What has happened in Europe over the last 50 years since the Treaty of Rome is truly remarkable. It has shown that nations with different ambitions and dreams can be molded into a single matrix of unity in diversity. It is a triumph of reason over vanity. The common legacy of a thousand years of wars and misery, with Christianity and Hellenistic culture binding them all, have cemented a New Europe committed to the pursuit of peace and prosperity. Europe's momentum of integration has hardly slowed; it is expected to keep expanding to the east until it reaches the Ural Mountains.
What implications does the European Union model have for Asia? Should Asia follow this path, build a single market and a borderless region? The answer, I believe, is unequivocally yes. Already, Japan and South Korea, despite their political differences and never-ending squabbles over a history of conquest and apology, are quietly talking about waving visa requirements for each other’s citizens. Their steel and automobile industries are closely linked through mutual investment and exchanges of technology. China and India, with a combined population of 2.3 billion, have become a major market for Korean goods. East Asians, at least, are building these increasingly peaceful interactions upon a common heritage of Buddhism and Confucian culture.

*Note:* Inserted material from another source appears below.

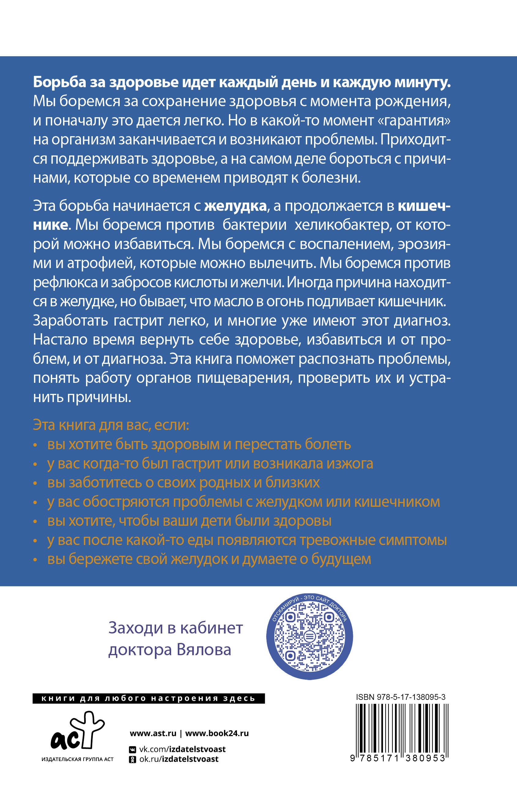 Книга поможет разобраться со злободневными вопросами гастрита, пугающей атрофией и бесконечными спорами в отношении хеликобактерной инфекции. Вы узнаете, почему гастрит не получается вылечить полностью и какие еще причины нужно проверить и устранить. Почему возникает изжога и как от нее избавиться? Книга поможет разобраться в том, что такое кислотность, откуда она берется и почему на самом деле нет никакой разницы между повышенной и пониженной кислотностью. Также Сергей Вялов расскажет, какие бактерии проживают в кишечнике, и познакомит с особенными представителями этого зоопарка (клостридиями, кандидой), про которых сейчас говорят со всех сторон, и каждый придумывает новую сенсацию, подменяя ею реальную информацию. Одна из глав книги посвящена управлению кишечными рисками, способам влияния на состояние кишечника и расположенной в нем микрофлоры, а также нашумевшему понятию нарушенной кишечной проницаемости, или «дырявому кишечнику».| Издательство | АСТ |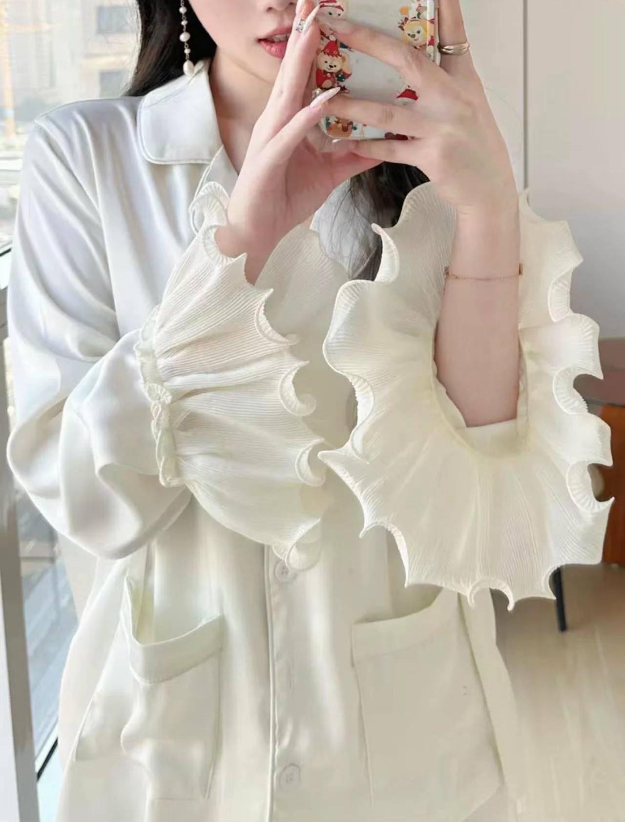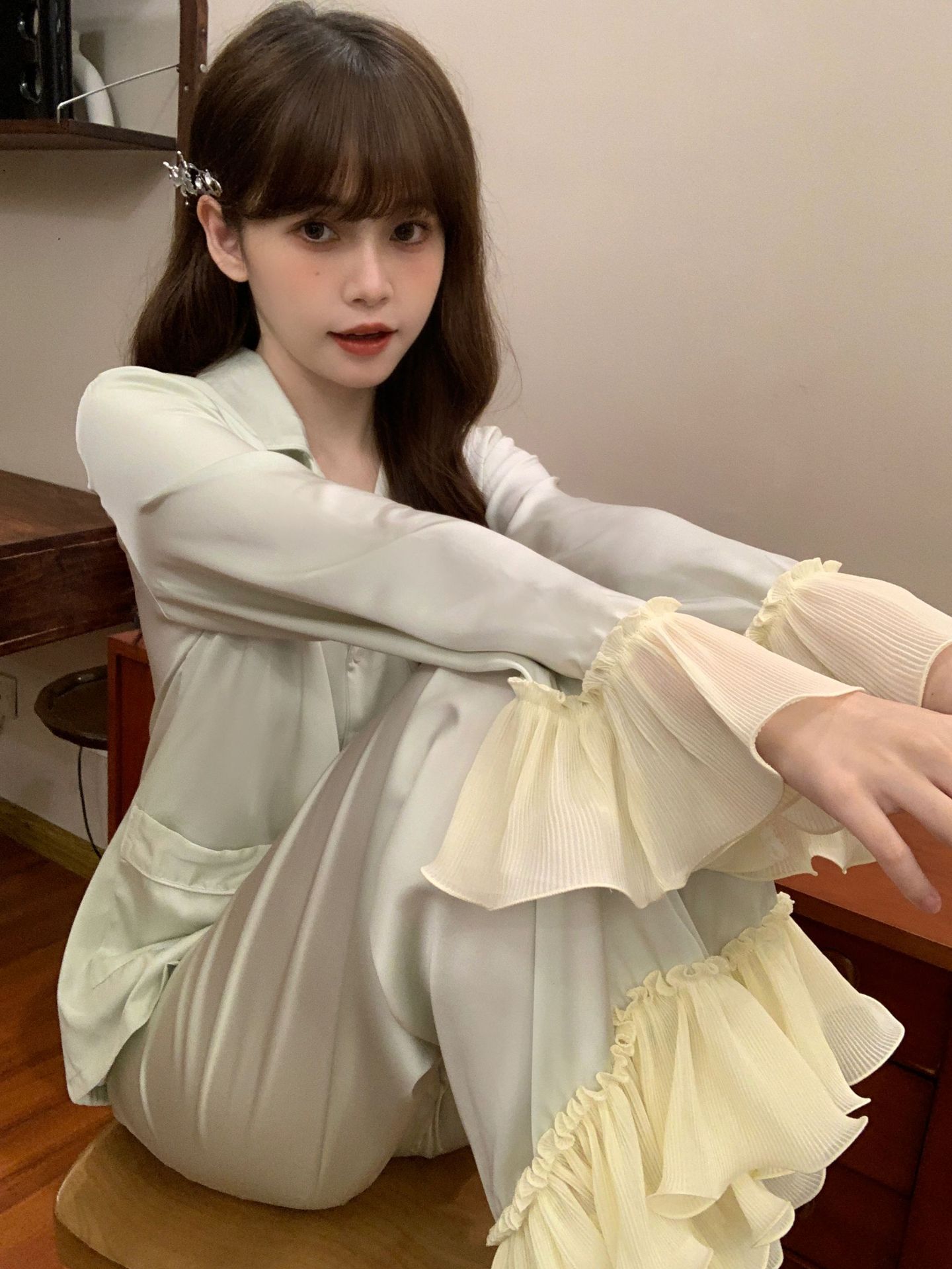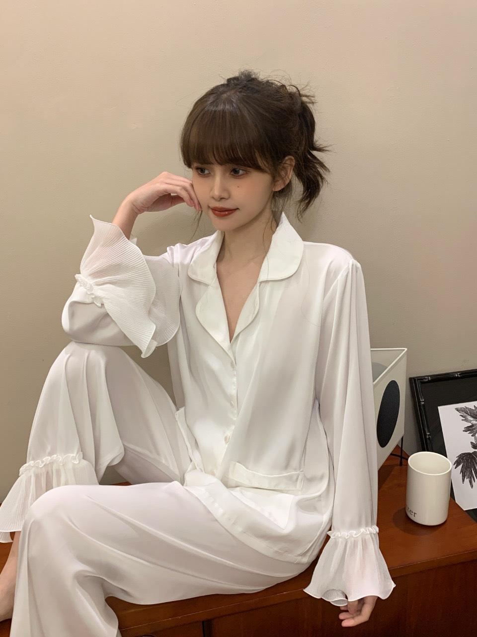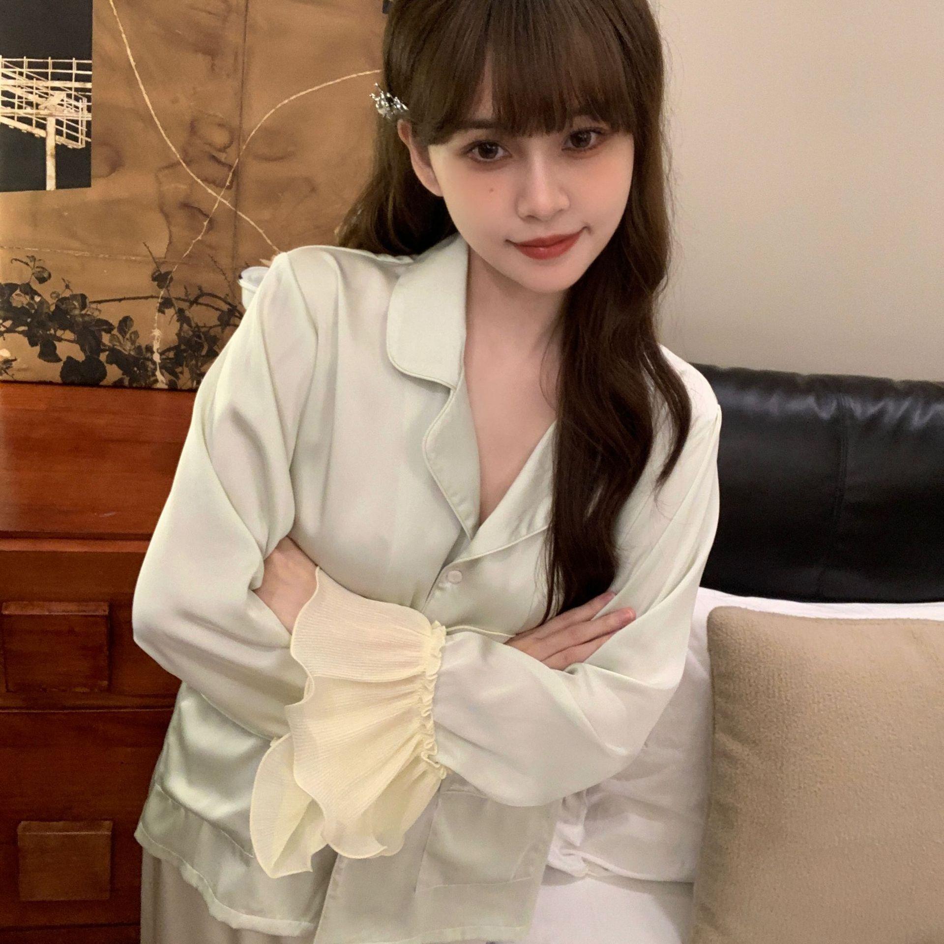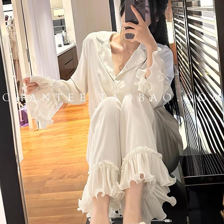 Pijamas de seda de hielo para primavera y verano, nuevos pijamas de estilo corte de manga larga con volantes de alta calidad para el hogar, pijamas de estilo dulce para niñas.

But is Asia politically ready for such a big leap? Not yet, but it is clearly becoming more aware of the possibility, thanks to the pace of economic empowerment. What Asia needs today are an Asian Jean Monnet and Robert Schuman to launch the debate over future regional integration. Asia has not had a towering visionary leader since the departure of Gandhi.
Two things are vital for this process to begin: the speedy achievement of regional economic integration, spreading the desire for further development and prosperity within a borderless Asia. Development also helps end war and focus efforts on conflict resolution; after all, the parties have more to lose. At the same time, regional powers like Japan and China must take the lead in starting an Asian version of the Helsinki Process by launching an Organization for Security and Cooperation in Asia, to promote dialogue and detente. Promotion of human rights and exchanges of science, technology and culture within the region should be facilitated by this multilateral channel.
Arrival of the age of development in China and India, Asia's two largest nations, has made it possible to start dreaming about an Asian Union based on economic benefits and common political aspirations. The success of the European Union has shown the way. Asia can, and should, follow its path. It is the way of the future.